• Exercise aim: What is needed here is an exact repetition of the records below, beginning at the line that has "(a) Leaf number, (b)" and stopping after the line that has "Vegan Sausage with Spicy Drunken Mustard".

• Study material:

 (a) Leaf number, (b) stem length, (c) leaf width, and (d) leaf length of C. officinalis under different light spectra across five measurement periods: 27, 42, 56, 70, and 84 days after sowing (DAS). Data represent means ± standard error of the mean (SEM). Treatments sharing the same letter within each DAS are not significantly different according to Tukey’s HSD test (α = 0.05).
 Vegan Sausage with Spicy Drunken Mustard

* * *

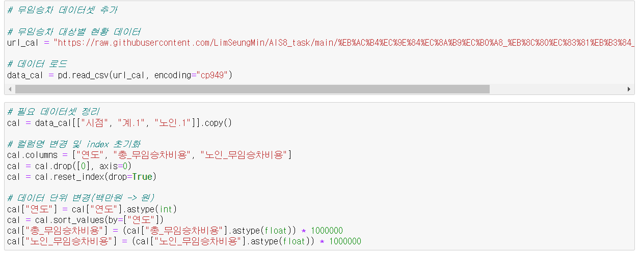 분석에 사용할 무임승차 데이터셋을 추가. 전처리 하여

==

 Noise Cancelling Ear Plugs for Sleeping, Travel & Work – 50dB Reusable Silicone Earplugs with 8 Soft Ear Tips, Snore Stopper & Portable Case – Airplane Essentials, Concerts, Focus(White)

• Exercise answer:
 (a) Leaf number, (b) stem length, (c) leaf width, and (d) leaf length of C. officinalis under different light spectra across five measurement periods: 27, 42, 56, 70, and 84 days after sowing (DAS). Data represent means ± standard error of the mean (SEM). Treatments sharing the same letter within each DAS are not significantly different according to Tukey’s HSD test (α = 0.05).
 Vegan Sausage with Spicy Drunken Mustard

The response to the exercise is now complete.